The days of slow change are over. In fact, the market place is moving faster than most businesses can adapt. Globalization, deregulation, transparency, aging boomers, and new communications methods (web 2.0, social networking, and on-line communities are forcing businesses to adapt or perish.

Seth has two posts that get right to the idea of change or perish:

  1. The Threat of Pigeons and Other Fundamentalists "We don't expect a pigeon to wise up and change its behavior. But what about your boss?"
  2. On Whale Oil seth, "We're in the middle of the biggest shift(s) of the last century--whole industries are disappearing, worldviews are changing and the rules are being rewritten."

How can you achieve multiple objectives under these conditions?

  • With  the paradoxical nature of some ideas, how do you explain them?
  • The lack of experimentation?
  • Poor dialogue, no confidence, lack of accountability, ego trips, hubris, arrogance, pettiness, apathy, poor risk asessment, finger pointing, inertia, and thinking in terms of me-me-me?
  • Fear, mistrust and intimidation? How do you achieve a sincere belief and trust in people?
  • Too little time and attention overshadowed by too much formation?
  • Groupthink - Too narrow view of ideas, questions, answers, solutions, and concepts?
  • What do you do about poorly utilized resources and not having the right mix of talent or competencies to get a job done?
  • What do you do when the consequences of not knowing what's available, both internally and externally leads to bad implementations, wasted resources, and missed opportunities?
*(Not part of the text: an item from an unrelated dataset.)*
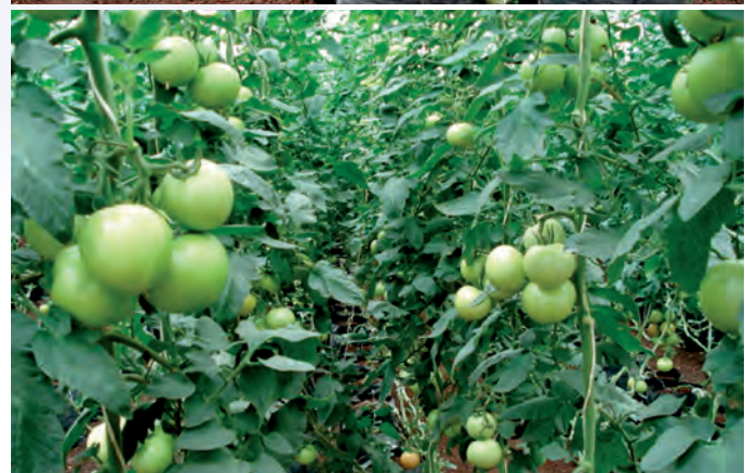
Figura 5. Producción de jitomate en invernadero; uno de los proyectos agropecuarios de mayor auspicio por los programas públicos asistenciales.

Try not to confuse a bull market with brains!

Psychological research indicates that individuals are not ideal learners; they think and act in ways that reduce their ability to learn effectively. Many studies have documented that people draw conclusions too quickly, using unreliable evidence or unexamined assumptions.

For example, individuals often gather a biased collection of evidence to explain success or failure because their search favors evidence that makes them feel good about themselves. Research shows that individuals typically conclude that their successes resulted from stable, internal factors (such as their abilities), but that failures resulted from unstable, environmental factors (often called "bad luck").

What else are you seeing that has this many holes because of biases?

How easy is it for humans to miss things? In a study by Daniel Simons and Christopher Chabris at Harvard University, they asked subjects to count the number of times basketball players with white shirts pitched a ball back and forth in a video. More than half the subjects were so engrossed in the task that they failed to notice a black gorilla that walked into the center of the scene and beat its chest. The subjects may have been doing a good job of counting the basketball passes, but a gorilla was right in front of them and they didn't see it.

A gigantic learning and development environment is smart.

It has built-in work-flow that gives the user the ability to trigger events based on pre-defined actions. Basically, if an idea is presented as a solution to a problem, someone must review it and give authority to implement it within a certain period of time. Equally cool, since so many people in the company have eyes on the idea, self-serving biases are obvious, and thus, corrected. An enterprise blogging platform, social networking system, or community software application has everything you need to brainstorm, sketch, and develop ideas across the organization that will move people to action.

Ask 'WHY' five times.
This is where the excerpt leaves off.